The EU approves the world’s first imported carbon tax. It is designed to make certain products more expensive if they come from manufacturers that do not pay for their greenhouse gas emissions.
It doesn’t get much attention, but it’s a big deal because these tariffs are very effective at reducing industrial CO2 emissions that are heating the planet to dangerous levels. This is a potentially powerful incentive for countries to curb emissions. But it is also in some ways a risky move, as it could disrupt global trade and have a huge impact on poorer countries.
Here are some key things to know.
First, what is a carbon border tax?
The stated goal of these tariffs is to level the playing field. Imagine that European steelmakers are paying for their CO2 emissions while their competitors outside the EU are not.
This will put European countries at a price disadvantage. In theory, it could also push European companies to move operations to countries that don’t tax carbon. This is what experts call “carbon leakage,” where emissions can be diverted elsewhere when restrictions are imposed.
To avoid this, Europe will impose a carbon border tax, formally known as the Carbon Border Adjustment Mechanism, on foreign competitors who are not paying as much for their emissions, or paying nothing at all.
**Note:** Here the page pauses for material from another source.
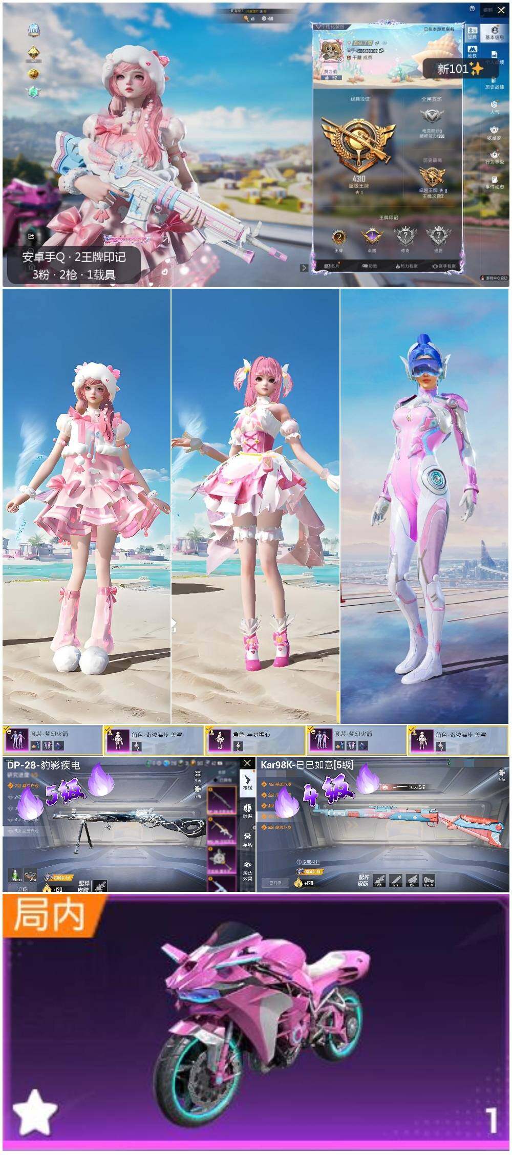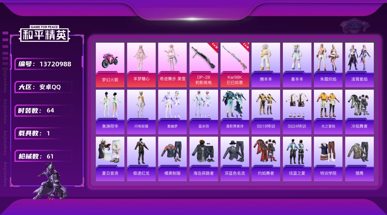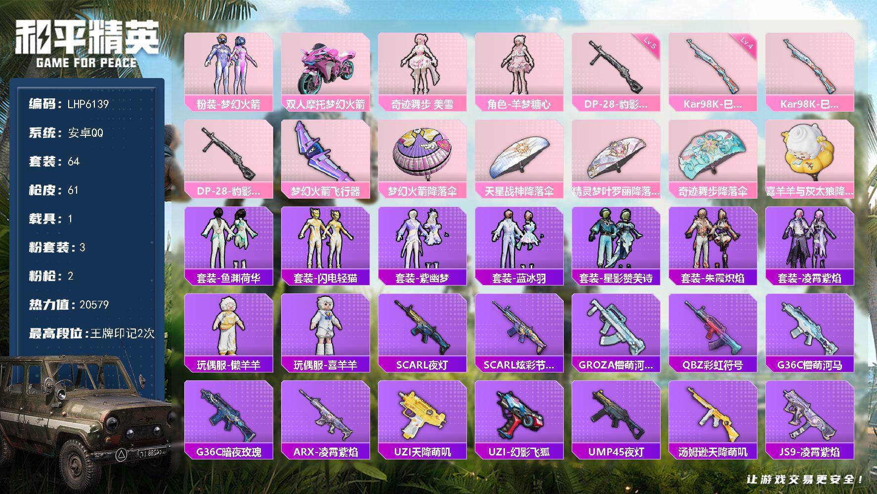 [13720988]可二次【店主推荐捡漏号!可直接换绑】 安卓 手Q-3粉装-2特效枪-1载具-1粉色飞行器-2w热力值-2王牌印记-64套装-61枪皮【热门品类】:粉装-梦幻火箭【粉色载具】:双人摩托-梦幻火箭【粉色套装】:粉装-梦幻火箭,角色-奇迹舞步 美雪,角色-羊梦糖心【粉色枪皮等级】:Kar98K-巳巳如意(四级),DP-28-豹影疾电(五级)【粉色飞行器】:梦幻火箭飞行器

The new tax will be imposed from 2026 on seven high-emitting industries, including steel and cement.
The European law, which was formally approved last week, has reignited discussions in other countries about a carbon border tax. Senator Sheldon Whitehouse, a Rhode Island Democrat, told me in an email that he plans to introduce a new proposal to impose a similar tax in the United States in the coming months.
“I am optimistic that there is a path to bipartisan carbon boundary adjustment through the Senate,” Whitehouse wrote. “We can boost cleaner American manufacturers that are fighting high Pollution peer competition.”
what this means for developing countries
Taxing emissions could cost jobs in developing countries where costly proposals to decarbonize the economy are especially complicated.
Take India, a country that relies heavily on coal for energy. A 2022 study by Boston University calculated that Indian steel could be subject to a 15% tax under new European rules, which could lead to a 58% drop in Indian steel exports to Europe. That could be a big problem for India, whose steel industry indirectly employs some 2 million people.
Is it fair?
Major emerging economies such as Brazil and India, as well as smaller emerging economies such as Thailand and Cameroon, are not happy with Europe’s move.
Some countries say it is a thinly disguised way for Europeans to protect their companies from international competition under the guise of climate policy. (Sound familiar? That’s exactly what the US Lower Inflation Act has faced some foreign criticism.)
Perhaps more importantly, critics of the new European tax say the countries that contribute least to climate change should not pay as much as the industrialized countries that are causing the problem.
They pointed to a principle enshrined in the 2015 Paris Agreement and other environmental agreements. It said that while the overall responsibility for stopping environmental damage and climate change was shared by all countries, each country bore varying degrees of responsibility according to its own circumstances.
This principle has not had much impact in international trade. Varun Agarwal, a climate policy expert at India’s World Resources Institute, told me he thinks the law is unlikely to be challenged by the World Trade Organization.
“Right now, the principle of fairness is not reflected in trade policy,” he said.
Still, Rishikesh Ram Bhandary, a climate finance expert at Boston University’s Center for Global Development Policy, said the success of Europe’s carbon border tax may depend on how these differences play out.
The policy could help appease some opponents of national climate action by assuring critics that the competitiveness of local companies will not be compromised, he said. But he added that by exacerbating distrust between countries when it comes to climate policy, it could also “unwittingly have the exact opposite effect of increasing polarization.”